Independence Day: Resurgence is the 17th feature film directed by Roland Emmerich, German director, producer and screenwriter who moved to Tinseltown in 1992 to continue to do with bigger budgets what he had been doing in his native Germany for some 10 years, the qualities of which, contrary to standard MacMahonian protocol, were commented upon in the previous paragraph.
Independence Day: Resurgence, it certainly will not surprise the MacMahonian's numerous readership to learn, consists in a totally lazy regurgitation of the 1996 eponymous effort, also directed by Emmerich, involving an alien invasion etc.
One is left with the impression Emmerich did this film to try to top George Lucas' Star Wars VII –the Force Awakens (2015) in coming up with film History's most lukewarm disappointing sequel. Independence Day: Resurgence's moon base is straight out of Space 1999 (1975-1977), the moon walking scenes straight out of 2001, a Space Odyssey (Stanley Kubrick, 1967), the spaceship duels straight out of Star Wars. Plot and twists thereof, the less said the better, character development marginally above Pokemon.

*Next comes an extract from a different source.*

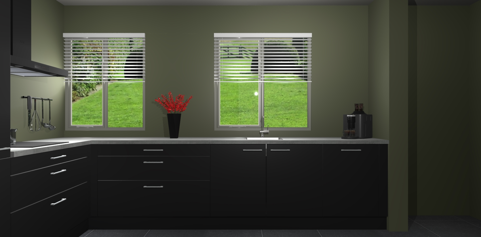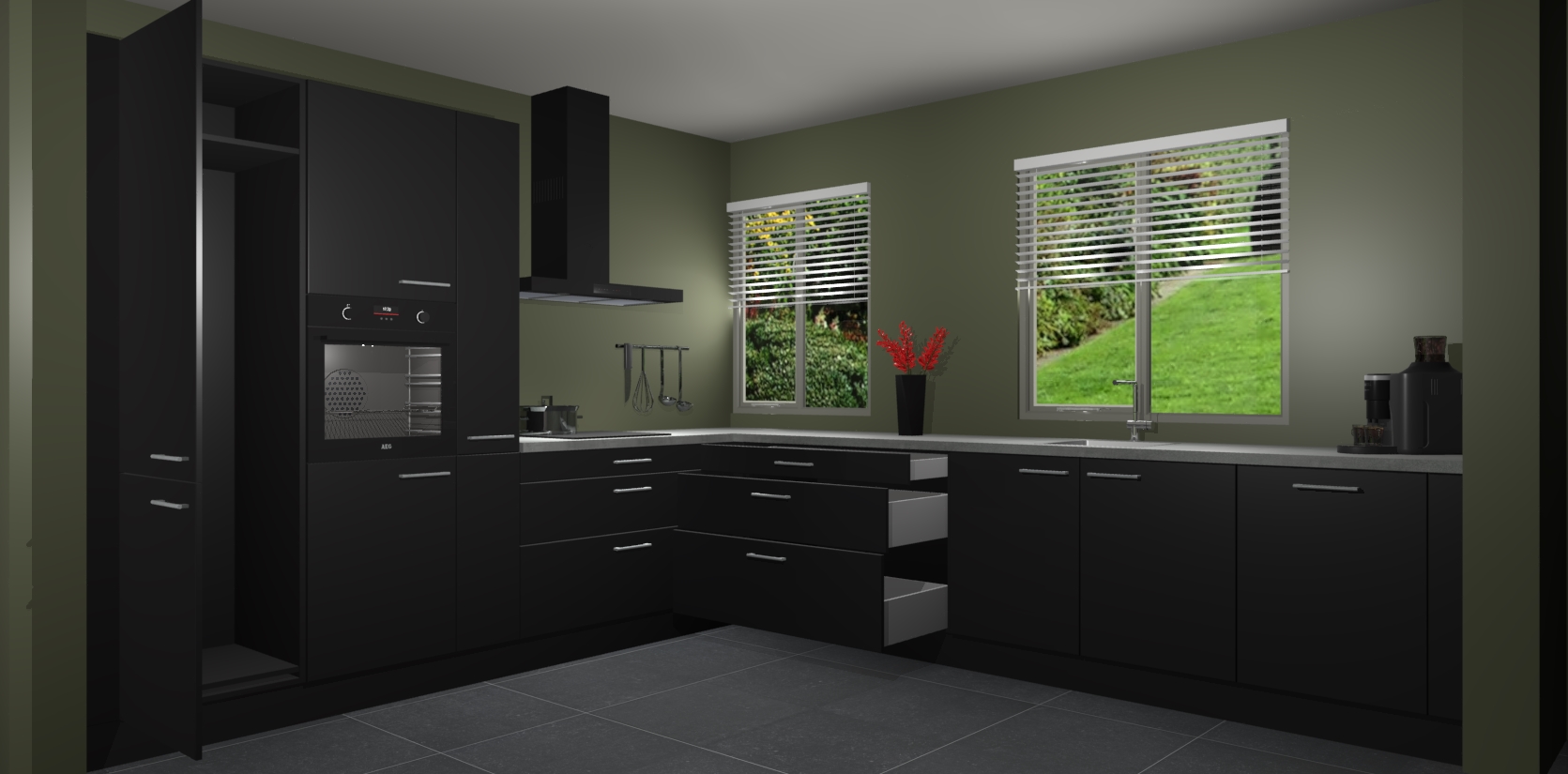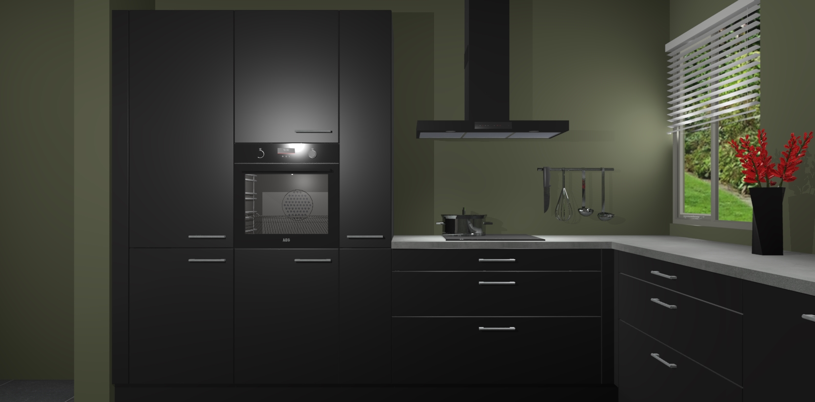 Welkom bij de Zwarte keuken Palermo. Deze prachtige keuken zal de komende jaren het middelpunt van de belangstelling in uw huis zijn. Uitgerust met vijf inbouwapparaten komt u nooit kookgereedschap tekort. Bovendien geeft de warme houtlook elke ruimte een uitnodigende en tijdloze uitstraling.

Three (marginally) redeeming qualities: (1) the action takes place in 2016, but an alternative 2016, as 20 years after the alien attack depicted in the original Independence Day massive investment in astronautics, avionics etc resulted in cool moon bases, a protective laser satellite belt around the Earth and hi tech skyscrapers and maglev vehicles all over the place that manage to make even DC look cool; (3) increasingly mandatory Chinese cameo, in the person of none other than Angelababy, playing hero love interest, unremarkable in itself except inasmuch as it rekindled my hope in a China-US rapprochement and (3) ending sequel-threatening quote (from mandatory eccentric scientist): “time to kick some serious alien ass”.